Abstract
The current study included the isolation, purification, and identification of Cladophora glomerata that collected from Hassan Al-Hamoud stream near the College of Engineering – University of Diyala, A pure culture of the algae was prepared and then cultured and grown in Chu-13 culture medium under standard conditions (2 ± 25°C, 3000 lux light intensity, and 16:8 light: dark photoperiod), after that the crude alkaloid and active compounds were extracted from the dry biomass of the algae.
The present study aimed to test the effect of the crude alkaloid extract of C. glomerata as an antimicrobial, on the proliferation of human blood lymphocytes and on three cancer cell lines, as well as test its effect on the gene expression of some cellular genes. A chemical detection of some chemical components of C. glomerata extract, showing that the moss contains a group of active compounds such as alkaloids, tannins, phenols, flavonoids, terpenes and glycosides.

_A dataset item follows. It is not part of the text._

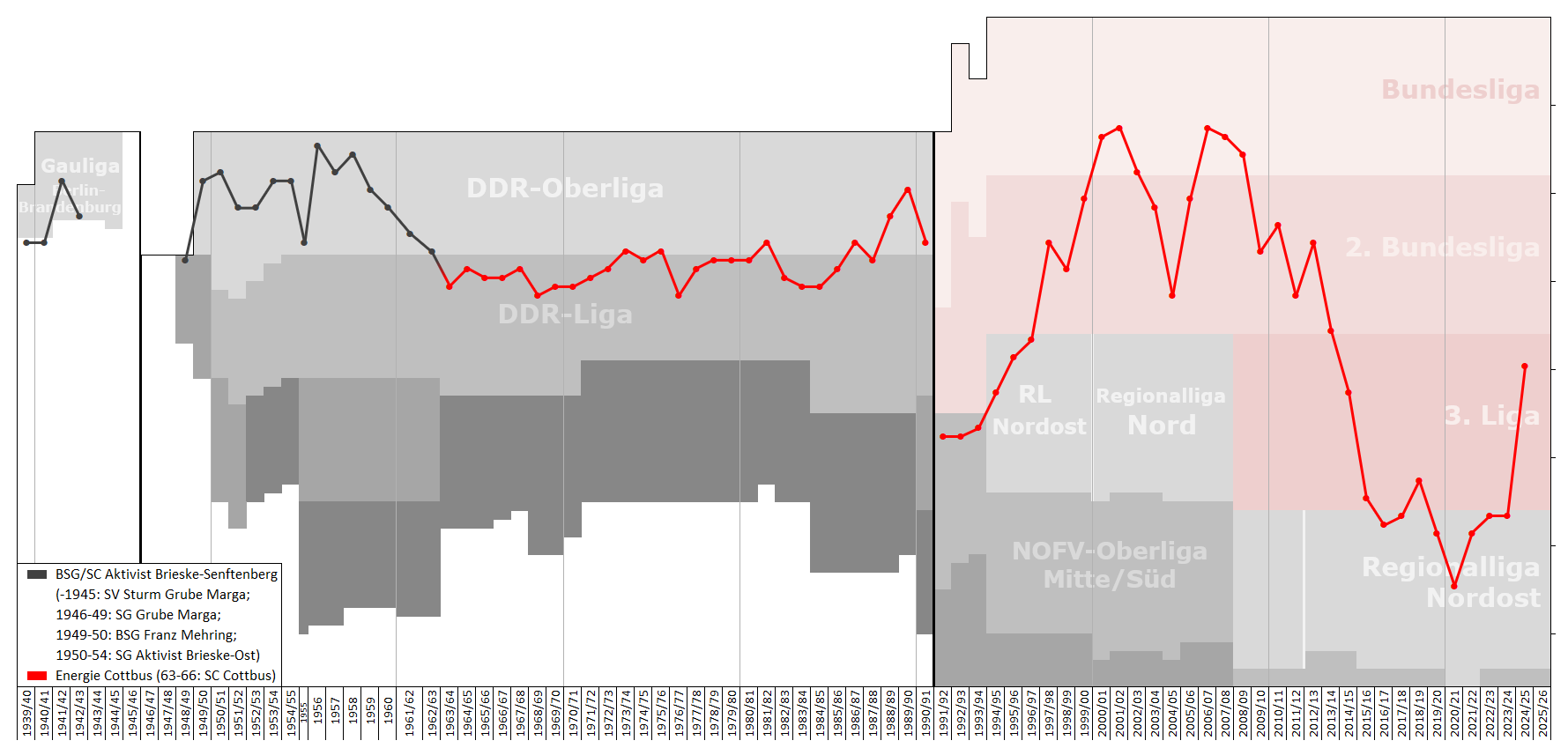 Chart of end-season table positions of Energie Cottbus in the football league system of Germany and GDR. Data source: RSSSF, wikipedia, f-archiv.de, fussball.de

The antibacterial activity of the crude alkaloid extract of C. glomerata was detected using etch diffusion method, and the results showed that the highest zone of inhibition at 250 μg/ml was observed for S. aureas and P. mirabilis, which reached (19) mm, followed by P. aeruginosa, K. pneumonia, and E. coli with an inhibition diameter of (13, 14, and 16) mm, respectively. The highest zone of inhibition was observed at a concentration of 125 μg/ml in S. aureas, which reached (16) mm, followed by P. mirabilis and E. coli at the diameter of inhibition (14 and 11) mm, respectively, while there was no obsersed effect for the crude alkaloid extract at 125 µg/ml.in K. pneumonia and P. aeruginosa.
The second test included the effect of the crude alkaloid extract on the division of human blood lymphocytes, where the cells were exposed to a series of prepared concentrations of the alkaloid extract for 24 hours. It showed that the crude alkaloid extract inhibits the division of lymphocytes in human blood in the tropic phase at different rates. The percentage of inhibition increases with increasing concentration, and the percentage of inhibitory cells in the metaphase phase ranged between 0.12 – 3.80% for concentrations from 15.1 – 1000 µg /ml.
The cancer cell lines used in this study included the Hepatocellular carcinoma cancer cell line (HepG2), Henrietta human cervical cancer cell line (HeLa), and the normal Mouse Embryo Fibroblast cell line (MEF). All these lines were treated with different concentrations of the crude alkaloid extract of C. glomerata. The results also showed an inhibitory effect of the crude alkaloid extract of C. glomerata on cancer cells compared to normal cells and the degree of effect depends on the concentration of the extract and the type of cells. The anti-tumor inhibition efficacy was found to increase with increasing concentration of the extract. It was found that the growth rate of the HepG2 cancer cell line was30. 88% at a concentration of (15.1) μg /ml, but increased to84. 90% at a concentration of 1000 μg /ml, while in the growth rate of the HeLa cancer cell line, the lowest inhibition rate was 14. 10 % at a concentration of 15.1 μg /ml and the highest was 88.29 % at a concentration of 1000 μg /ml. In the normal MEF cell line, the lowest inhibition rate was 2.31 % and it was increased to 23.2% at a concentration of 1000 μg /ml.
The half-life inhibitory concentration of the crude alkaloid extract was used on the gene expression of genes encoding heat shock proteins Hsp60, Hsp70, Hsp90 as well as cell death genes Bcl2, P53, and Caspase-8 by real-time polymerase chain reaction using Kapa syber green dye, and morphological changes were observed using Acridine Orange/Propidium Iodide dye and examined using fluorescence light microscopy.
Gene expression results after treatment of cell lines cells with the IC50 of crude alkaloid extract showed that the expression of genes encoding heat shock proteins Hsp 60, Hsp 70, and Hsp 90 were inhibited in the liver cancer cell line (0.44, 0.43, and 0.47), respectively, and in the cervical cancer cell line (0.11, 0.14, and 0.18), respectively. The gene expression of genes encoding apoptosis was increased in all cell lines (HepG2, HeLa, and MEF cell lines), including the Caspase 8 gene, which was (1, 87, 1.99, 3.42) and p53 gene (0.17, 0.22, 1.76) while Bcl2 gene expression (0.51, 0.64, 0.65). The DNA assay also showed nuclear discontinuity and chromatin condensation in cells treated with crude alkaloid extract is a marker of programmed cell death.
The results show that crude alkaloid extract of C. glomerata has an antimicrobial and antitumor effect and could induce apoptosis and inhibit the gene expression of heat shock proteins in cancer cells.